### Your assignment
Please set down each line of the data again, unchanged.

### Extracted material
————
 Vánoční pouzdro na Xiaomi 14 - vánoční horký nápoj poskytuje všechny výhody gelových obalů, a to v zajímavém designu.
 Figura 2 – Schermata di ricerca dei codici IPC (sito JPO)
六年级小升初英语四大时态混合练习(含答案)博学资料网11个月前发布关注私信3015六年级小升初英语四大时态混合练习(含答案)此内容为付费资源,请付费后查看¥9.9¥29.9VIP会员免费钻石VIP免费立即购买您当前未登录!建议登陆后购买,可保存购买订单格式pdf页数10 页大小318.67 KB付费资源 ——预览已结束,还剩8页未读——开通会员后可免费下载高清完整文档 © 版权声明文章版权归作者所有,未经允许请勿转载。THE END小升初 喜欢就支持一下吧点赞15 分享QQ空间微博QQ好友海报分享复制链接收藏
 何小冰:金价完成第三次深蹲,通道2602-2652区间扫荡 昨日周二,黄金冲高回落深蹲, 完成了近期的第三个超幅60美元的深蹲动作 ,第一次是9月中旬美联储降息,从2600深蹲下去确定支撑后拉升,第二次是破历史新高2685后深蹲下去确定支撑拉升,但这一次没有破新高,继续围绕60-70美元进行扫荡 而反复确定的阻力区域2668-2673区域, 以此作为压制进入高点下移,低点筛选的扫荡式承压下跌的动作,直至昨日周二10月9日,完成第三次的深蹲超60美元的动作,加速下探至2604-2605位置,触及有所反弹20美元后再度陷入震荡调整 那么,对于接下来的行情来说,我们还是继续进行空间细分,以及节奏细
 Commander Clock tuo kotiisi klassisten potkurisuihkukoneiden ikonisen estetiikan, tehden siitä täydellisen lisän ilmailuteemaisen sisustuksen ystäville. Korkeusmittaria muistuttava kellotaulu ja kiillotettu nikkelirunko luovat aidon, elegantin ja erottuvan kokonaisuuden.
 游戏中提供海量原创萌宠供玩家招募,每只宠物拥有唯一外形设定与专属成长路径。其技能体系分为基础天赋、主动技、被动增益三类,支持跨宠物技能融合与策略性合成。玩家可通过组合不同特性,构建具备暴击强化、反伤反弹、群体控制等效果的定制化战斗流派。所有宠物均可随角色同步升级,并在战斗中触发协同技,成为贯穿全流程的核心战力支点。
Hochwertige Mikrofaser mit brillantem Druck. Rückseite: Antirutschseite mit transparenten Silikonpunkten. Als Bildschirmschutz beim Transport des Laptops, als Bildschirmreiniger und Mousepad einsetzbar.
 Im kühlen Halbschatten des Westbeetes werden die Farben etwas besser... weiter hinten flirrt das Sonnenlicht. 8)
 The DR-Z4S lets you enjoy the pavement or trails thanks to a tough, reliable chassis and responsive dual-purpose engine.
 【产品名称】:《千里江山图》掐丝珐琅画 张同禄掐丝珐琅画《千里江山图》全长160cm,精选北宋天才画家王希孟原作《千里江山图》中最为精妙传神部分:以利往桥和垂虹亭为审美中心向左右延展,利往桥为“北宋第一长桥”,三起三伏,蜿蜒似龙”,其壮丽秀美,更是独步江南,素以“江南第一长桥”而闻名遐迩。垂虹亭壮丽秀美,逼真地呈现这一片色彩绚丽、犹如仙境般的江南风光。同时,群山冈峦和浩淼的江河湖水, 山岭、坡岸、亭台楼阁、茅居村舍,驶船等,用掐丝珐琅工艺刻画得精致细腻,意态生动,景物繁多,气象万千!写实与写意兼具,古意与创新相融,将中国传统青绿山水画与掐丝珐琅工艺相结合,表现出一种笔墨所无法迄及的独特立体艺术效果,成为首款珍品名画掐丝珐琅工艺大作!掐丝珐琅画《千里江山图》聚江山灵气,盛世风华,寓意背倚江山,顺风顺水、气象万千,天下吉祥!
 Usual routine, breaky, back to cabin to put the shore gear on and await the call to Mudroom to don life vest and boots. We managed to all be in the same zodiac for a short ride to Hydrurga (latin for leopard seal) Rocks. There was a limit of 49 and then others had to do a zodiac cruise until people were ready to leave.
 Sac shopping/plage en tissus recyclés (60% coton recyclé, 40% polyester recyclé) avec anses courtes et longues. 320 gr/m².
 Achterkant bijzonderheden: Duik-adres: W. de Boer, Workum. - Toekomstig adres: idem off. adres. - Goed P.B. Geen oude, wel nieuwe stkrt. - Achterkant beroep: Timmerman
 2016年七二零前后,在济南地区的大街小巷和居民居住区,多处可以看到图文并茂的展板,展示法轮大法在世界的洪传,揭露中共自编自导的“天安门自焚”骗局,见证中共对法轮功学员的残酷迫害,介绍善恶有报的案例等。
————
### Solution for this task
 Vánoční pouzdro na Xiaomi 14 - vánoční horký nápoj poskytuje všechny výhody gelových obalů, a to v zajímavém designu.
 Figura 2 – Schermata di ricerca dei codici IPC (sito JPO)
六年级小升初英语四大时态混合练习(含答案)博学资料网11个月前发布关注私信3015六年级小升初英语四大时态混合练习(含答案)此内容为付费资源,请付费后查看¥9.9¥29.9VIP会员免费钻石VIP免费立即购买您当前未登录!建议登陆后购买,可保存购买订单格式pdf页数10 页大小318.67 KB付费资源 ——预览已结束,还剩8页未读——开通会员后可免费下载高清完整文档 © 版权声明文章版权归作者所有,未经允许请勿转载。THE END小升初 喜欢就支持一下吧点赞15 分享QQ空间微博QQ好友海报分享复制链接收藏
 何小冰:金价完成第三次深蹲,通道2602-2652区间扫荡 昨日周二,黄金冲高回落深蹲, 完成了近期的第三个超幅60美元的深蹲动作 ,第一次是9月中旬美联储降息,从2600深蹲下去确定支撑后拉升,第二次是破历史新高2685后深蹲下去确定支撑拉升,但这一次没有破新高,继续围绕60-70美元进行扫荡 而反复确定的阻力区域2668-2673区域, 以此作为压制进入高点下移,低点筛选的扫荡式承压下跌的动作,直至昨日周二10月9日,完成第三次的深蹲超60美元的动作,加速下探至2604-2605位置,触及有所反弹20美元后再度陷入震荡调整 那么,对于接下来的行情来说,我们还是继续进行空间细分,以及节奏细
 Commander Clock tuo kotiisi klassisten potkurisuihkukoneiden ikonisen estetiikan, tehden siitä täydellisen lisän ilmailuteemaisen sisustuksen ystäville. Korkeusmittaria muistuttava kellotaulu ja kiillotettu nikkelirunko luovat aidon, elegantin ja erottuvan kokonaisuuden.
 游戏中提供海量原创萌宠供玩家招募,每只宠物拥有唯一外形设定与专属成长路径。其技能体系分为基础天赋、主动技、被动增益三类,支持跨宠物技能融合与策略性合成。玩家可通过组合不同特性,构建具备暴击强化、反伤反弹、群体控制等效果的定制化战斗流派。所有宠物均可随角色同步升级,并在战斗中触发协同技,成为贯穿全流程的核心战力支点。
Hochwertige Mikrofaser mit brillantem Druck. Rückseite: Antirutschseite mit transparenten Silikonpunkten. Als Bildschirmschutz beim Transport des Laptops, als Bildschirmreiniger und Mousepad einsetzbar.
 Im kühlen Halbschatten des Westbeetes werden die Farben etwas besser... weiter hinten flirrt das Sonnenlicht. 8)
 The DR-Z4S lets you enjoy the pavement or trails thanks to a tough, reliable chassis and responsive dual-purpose engine.
 【产品名称】:《千里江山图》掐丝珐琅画 张同禄掐丝珐琅画《千里江山图》全长160cm,精选北宋天才画家王希孟原作《千里江山图》中最为精妙传神部分:以利往桥和垂虹亭为审美中心向左右延展,利往桥为“北宋第一长桥”,三起三伏,蜿蜒似龙”,其壮丽秀美,更是独步江南,素以“江南第一长桥”而闻名遐迩。垂虹亭壮丽秀美,逼真地呈现这一片色彩绚丽、犹如仙境般的江南风光。同时,群山冈峦和浩淼的江河湖水, 山岭、坡岸、亭台楼阁、茅居村舍,驶船等,用掐丝珐琅工艺刻画得精致细腻,意态生动,景物繁多,气象万千!写实与写意兼具,古意与创新相融,将中国传统青绿山水画与掐丝珐琅工艺相结合,表现出一种笔墨所无法迄及的独特立体艺术效果,成为首款珍品名画掐丝珐琅工艺大作!掐丝珐琅画《千里江山图》聚江山灵气,盛世风华,寓意背倚江山,顺风顺水、气象万千,天下吉祥!
 Usual routine, breaky, back to cabin to put the shore gear on and await the call to Mudroom to don life vest and boots. We managed to all be in the same zodiac for a short ride to Hydrurga (latin for leopard seal) Rocks. There was a limit of 49 and then others had to do a zodiac cruise until people were ready to leave.
 Sac shopping/plage en tissus recyclés (60% coton recyclé, 40% polyester recyclé) avec anses courtes et longues. 320 gr/m².
 Achterkant bijzonderheden: Duik-adres: W. de Boer, Workum. - Toekomstig adres: idem off. adres. - Goed P.B. Geen oude, wel nieuwe stkrt. - Achterkant beroep: Timmerman
 2016年七二零前后,在济南地区的大街小巷和居民居住区,多处可以看到图文并茂的展板,展示法轮大法在世界的洪传,揭露中共自编自导的“天安门自焚”骗局,见证中共对法轮功学员的残酷迫害,介绍善恶有报的案例等。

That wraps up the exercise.